2.  Consciousness is not derived but rather fundamental. However, only some entities have it, i.e. only some entities have experiences. It doesn’t matter how often they have experiences or what kind they have, just that they have some experiences sometimes.

3.  Consciousness is not derived but fundamental and all entities have it.  Again, it doesn’t matter how often or what kinds.

The first kind of response is often called ‘materialist’ or ‘physicalist’ and the second kind ‘dualist’; some call the third kind ‘idealist’ but this label is only correct for certain extreme versions.

So can the hard problem of consciousness be solved?  

Let us first assume response #1. We could take either of two tactics.  One is to define consciousness as some other property. Conscious could, for example, be an informational-theoretic property, as in Guilio Tononi’s Integrated Information Theory (IIT), or it could be a physical property, as in the Penrose-Hameroff Orchestrated Objective Reduction (OrchOR) theory. Simply defining consciousness as such a property does not, however, explain how or why consciousness and this other property should be correlated. It does not explain how experience is possible. It dodges the HPC instead of solving it.

The other tactic is to try to explain how consciousness is produced by some other kind of process. How is consciousness produced by complexity or metaprocessing? No one has any idea. Correlations are easy to find, but explanation faces a serious problem: consciousness seems nothing like any other property. No ideas other than outright definition of consciousness as something else have ever been proposed. In short, the hard problem of consciousness seems unsolvable using response #1. It can be dodged, but not solved.  

What about response #2? Here, the problem is to explain how or why some systems have experiences but others do not. What is the basis for explaining this? What facts could possibly be relevant? It is trivial to program a computer to report experiences – does that mean computers are conscious? Bear in mind that the HPC concerns the possibility of any experience; the complexity or subtlety of the reported experiences is irrelevant; thermostats, for example, ‘report experiences’ by turning on the heat.  

If we don’t trust reports and turn to some other property as criterial, we are back to response #1. The problem is that if consciousness is fundamental, no other properties can be criterial.
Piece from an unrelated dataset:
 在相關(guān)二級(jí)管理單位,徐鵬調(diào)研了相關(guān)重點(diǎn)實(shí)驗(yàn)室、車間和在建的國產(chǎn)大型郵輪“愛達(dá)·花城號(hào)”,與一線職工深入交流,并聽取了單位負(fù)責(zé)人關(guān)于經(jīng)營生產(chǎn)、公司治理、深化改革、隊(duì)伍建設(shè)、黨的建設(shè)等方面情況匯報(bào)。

If a system is conscious, it is conscious by its very nature, not for some other reason. How are we to distinguish systems that have this property from systems that don’t? Without independent criteria, there is no way. Hence the HPC cannot even be dodged from response #2: it is simply unsolvable.
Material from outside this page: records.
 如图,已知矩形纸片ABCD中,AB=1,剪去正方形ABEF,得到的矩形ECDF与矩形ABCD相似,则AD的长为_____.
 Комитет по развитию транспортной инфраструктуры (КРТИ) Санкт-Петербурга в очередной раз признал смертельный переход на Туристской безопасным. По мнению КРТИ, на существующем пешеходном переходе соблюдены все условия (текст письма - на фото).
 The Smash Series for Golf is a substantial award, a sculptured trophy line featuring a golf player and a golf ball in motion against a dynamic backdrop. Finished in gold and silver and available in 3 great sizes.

Can the HPC be solved from response #3? Again no, because it cannot even be stated. Response #3 says that all entities – everything that exists – has experiences. There is no reason why or how. They just have them. End of story.

The hard problem of consciousness is therefore either unsolvable or unstatable. Knowing this, how should we respond? In my view, we should quit worrying about it. It is irrelevant to any possible science of consciousness.

There are, after all, plenty of problems that are both statable and solvable. We can tackle all of the problems that Chalmers called ‘easy’. What brain structures are active when people identify their friends? What is happening when people with Cotard’s syndrome say, with perfect seriousness, that they do not exist? What is happening when trees communicate threats to their neighbors? These are correlational questions. These questions have real answers. Answering them provides real, useful information. They are the proper questions for a theory of consciousness.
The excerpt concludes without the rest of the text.